The problem: Starting from the line with "Hudson Baby Unisex" and going up to and including the line with "入園入学/シューズバッグ/靴入れ/上履き入れ/はたらくくるまグレー×ネイビー", copy the listing below exactly. Leave all images out.

Data provided:
··········
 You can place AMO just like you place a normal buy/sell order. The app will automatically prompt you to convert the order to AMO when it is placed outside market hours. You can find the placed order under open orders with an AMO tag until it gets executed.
··········
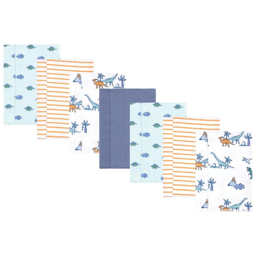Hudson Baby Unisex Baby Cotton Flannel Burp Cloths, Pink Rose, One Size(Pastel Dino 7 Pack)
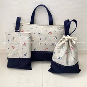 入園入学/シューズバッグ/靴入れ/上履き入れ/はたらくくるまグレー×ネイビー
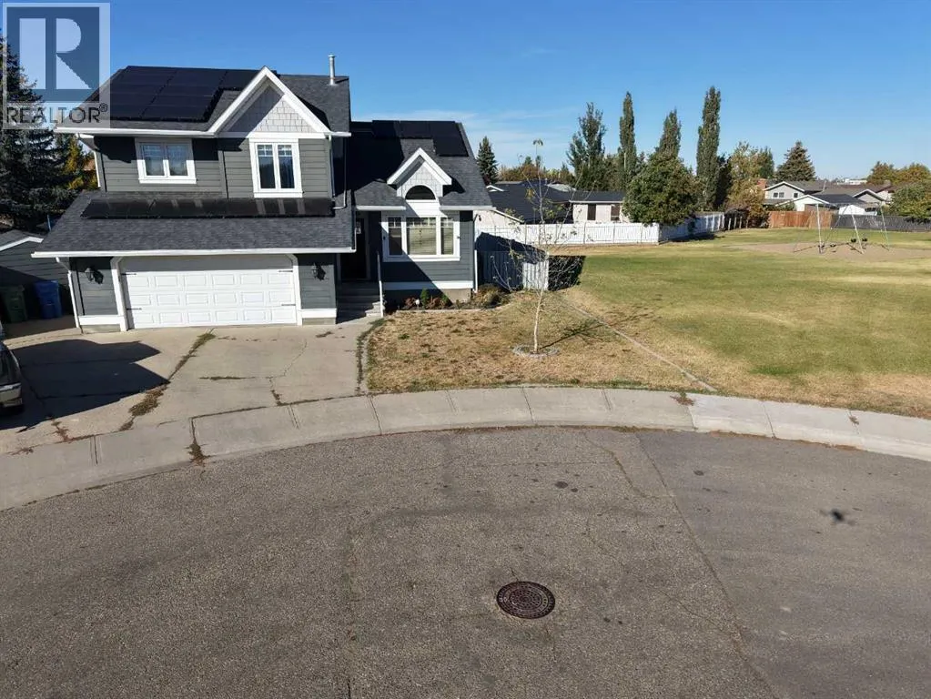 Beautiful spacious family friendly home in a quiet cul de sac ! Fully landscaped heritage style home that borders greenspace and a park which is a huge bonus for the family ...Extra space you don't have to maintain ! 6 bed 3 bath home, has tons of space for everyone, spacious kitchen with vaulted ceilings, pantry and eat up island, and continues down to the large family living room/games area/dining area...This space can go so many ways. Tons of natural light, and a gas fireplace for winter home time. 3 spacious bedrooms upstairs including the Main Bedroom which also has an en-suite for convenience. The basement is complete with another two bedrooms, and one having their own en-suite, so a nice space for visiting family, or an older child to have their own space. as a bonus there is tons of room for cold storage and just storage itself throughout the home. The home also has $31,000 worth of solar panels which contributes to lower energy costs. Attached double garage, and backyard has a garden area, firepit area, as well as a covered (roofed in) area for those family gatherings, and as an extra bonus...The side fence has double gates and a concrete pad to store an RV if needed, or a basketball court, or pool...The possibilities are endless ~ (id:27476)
··········
Written answer:
Hudson Baby Unisex Baby Cotton Flannel Burp Cloths, Pink Rose, One Size(Pastel Dino 7 Pack)
 入園入学/シューズバッグ/靴入れ/上履き入れ/はたらくくるまグレー×ネイビー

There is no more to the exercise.